MW: You have to turn everything around and ask what the motive would be; why Blanco would take such a risk.

P: You can’t ask the question at this point; you can have suspicions about motive but first you have to establish whether a crime has been committed before you can talk about motive. First enter into evidence that a Cat 5 storm would overwhelm Nola’s defenses. Then that Blanco knew this. Then that she knew all her options. And that she had certain knowledge that a Cat 5 storm coming near or hitting directly at Nola would mean no survivors in the city’s lowest part without enforced evacuation.

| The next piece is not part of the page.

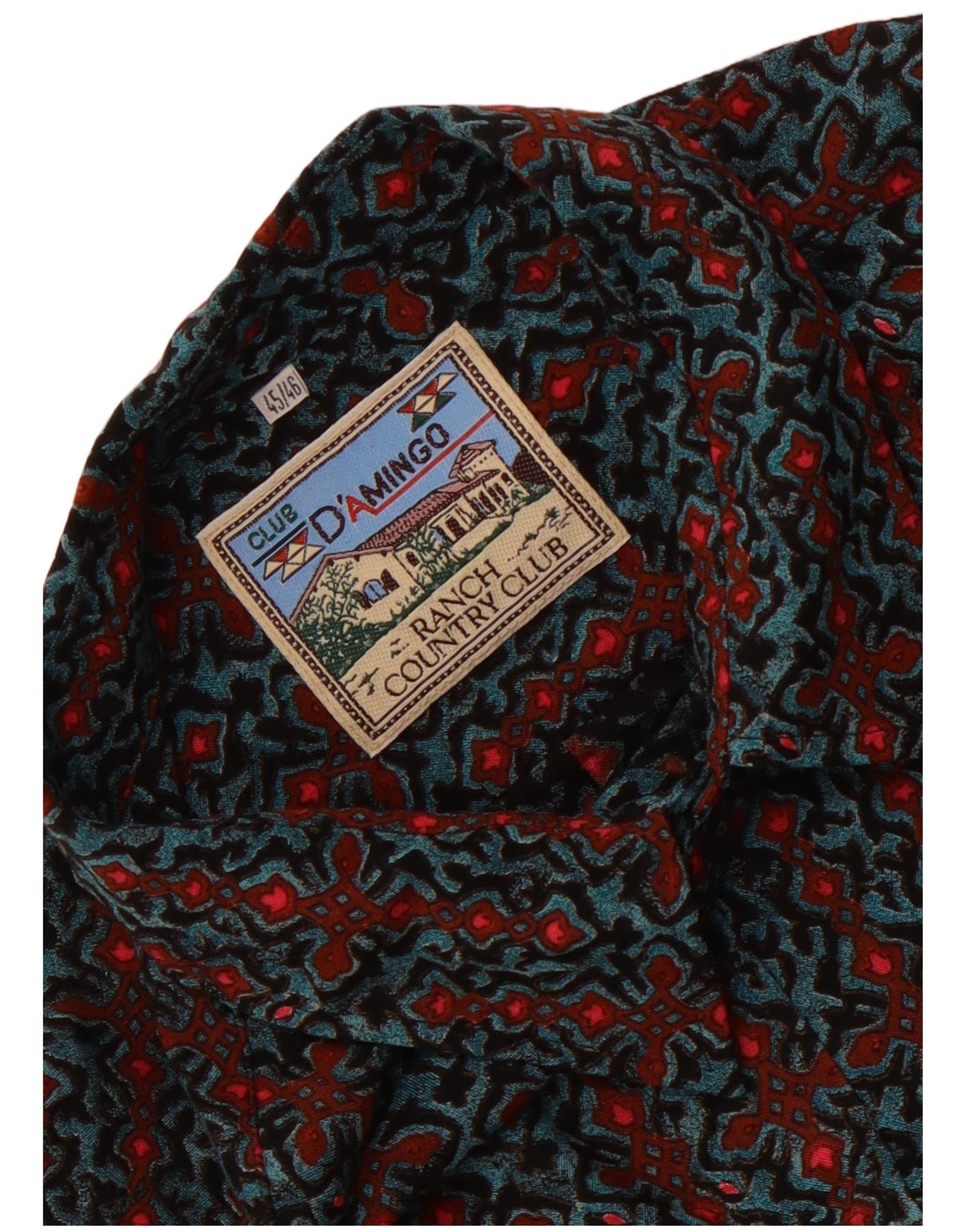- Descrizione dell'IA: Questa camicia da uomo Club Damingo è realizzata in tessuto intrecciato, offrendo una consistenza morbida. Presenta un sorprendente motivo geometrico multicolore nei toni del nero, rosso e blu. Lo scollo con colletto e la chiusura con bottoni forniscono una struttura classica. Le maniche lunghe completano il design. La sua vestibilità regolare garantisce una vestibilità comoda e una silhouette senza tempo. Questa camicia in stile retrò offre un fascino visivo distintivo.

MW: That’s a lot of things to establish.

P: Sure. And you have a snowball’s chance of establishing them without threat of criminal indictment. But if you don’t go that route, attempt to establish all that, you’ll never get the chance to ask “Why?”

MW: None of that will happen. The Democrats and the Republicans have pretty much equal reasons for wanting to get past the situation as fast as possible. And if it would be serious enough to go to an indictment the Democrats would not want to hear about a sucker punch. They would ask why Bush didn’t override her. They’re already asking that question, without even bringing up the hint of a criminal investigation.

P: The legalities about the point seem hazy; I’m not sure they are clearly established. That’s another reason to investigate whether a crime was committed. If so, that would give weight to legislation that gives unequivocal guidelines about the conditions under which the president can override a state governor.

You’re dead in the water, if you’ll pardon the expression, if you think in political terms. I’m talking about investigating whether a crime has been committed. If politics tries to get in the way, it will fall back hard on both political parties.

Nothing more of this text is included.